Where do you usually go?


----------



## PGH (Nov 19, 2009)

DrewP said:


> Where do you usually go?


what's up guys? im out in the south hills of pittsburgh. anytime you guys want to ride, hit me up. this is my first year with a season pass (7springs) so im trying to go as much as possible between work and school. im 22, but just started riding recently.


----------



## Guest (Dec 9, 2009)

I'll be home for a month from college (I'm 20 years old). So I'm going to try to go as much as possible. I usually go to 7 springs too. I'm down for people to ride with, as I only have 1 other friend who snowboards.


----------



## PGH (Nov 19, 2009)

DrewP said:


> I'll be home for a month from college (I'm 20 years old). So I'm going to try to go as much as possible. I usually go to 7 springs too. I'm down for people to ride with, as I only have 1 other friend who snowboards.

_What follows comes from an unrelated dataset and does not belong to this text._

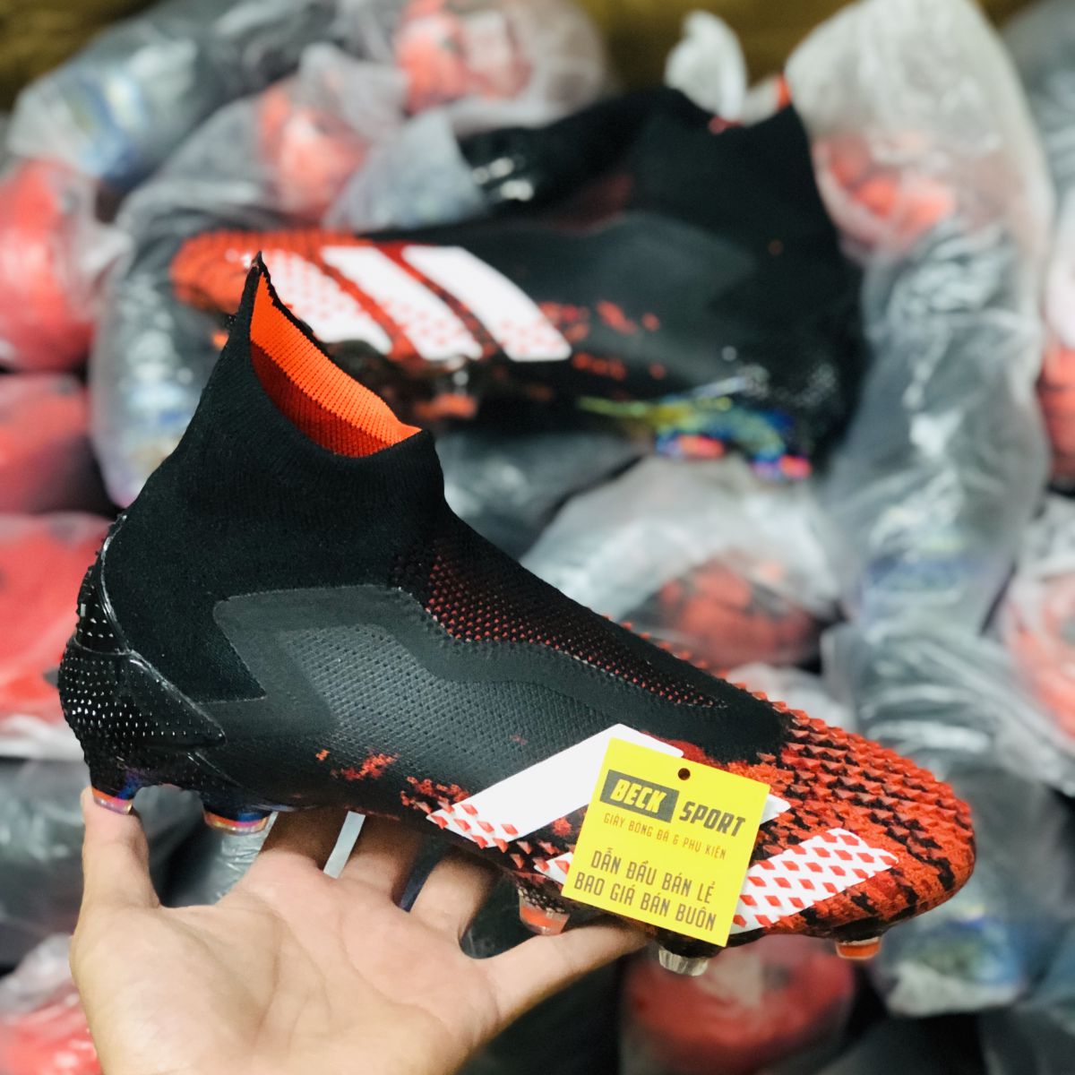 Giày Bóng Đá Adidas Predator 20+ Mutator Đen Mũi Đỏ Vạch Trắng Không Dây Cao Cổ V2 FG

for sure, i started snowboarding after my friends that ride went out west to college, haha. so i've had to teach myself. but i noticed you play hockey. did you play anywhere besides high school? i spent my whole life playing hockey


----------



## Guest (Dec 9, 2009)

PGH said:


> for sure, i started snowboarding after my friends that ride went out west to college, haha. so i've had to teach myself. but i noticed you play hockey. did you play anywhere besides high school? i spent my whole life playing hockey



I really only played for my high school. Never played juniors or anything. Now I play for fun on a club team at college (The Citadel) in South Carolina. Always just kinda played for fun. 

What about you?


----------



## Phenix_Rider (Dec 24, 2008)

DrewP said:


> Where do you usually go?


Seven Springs and the Wisp in Maryland. Neither one looks good at all so far. Seven Springs says they'll be open tommorow, but expect conditions to be horrible and only two runs to be open. It's too bad, because this time a view years ago they both had pipes built. And last year, the Wisp had a massie avalanche in November on the Face (black diamond). :laugh:

I'll be at Seven Springs the 19th-20th with the gf. Depending how fast she picks it up- or wears out :laugh:- I'll be looking to escape the bunny slope


----------



## PGH (Nov 19, 2009)

DrewP said:


> I really only played for my high school. Never played juniors or anything. Now I play for fun on a club team at college (The Citadel) in South Carolina. Always just kinda played for fun.
> 
> What about you?


oh, right on. i played high school and amateurs out here, and then played juniors after high school. ironically i play soccer in college now, haha.


----------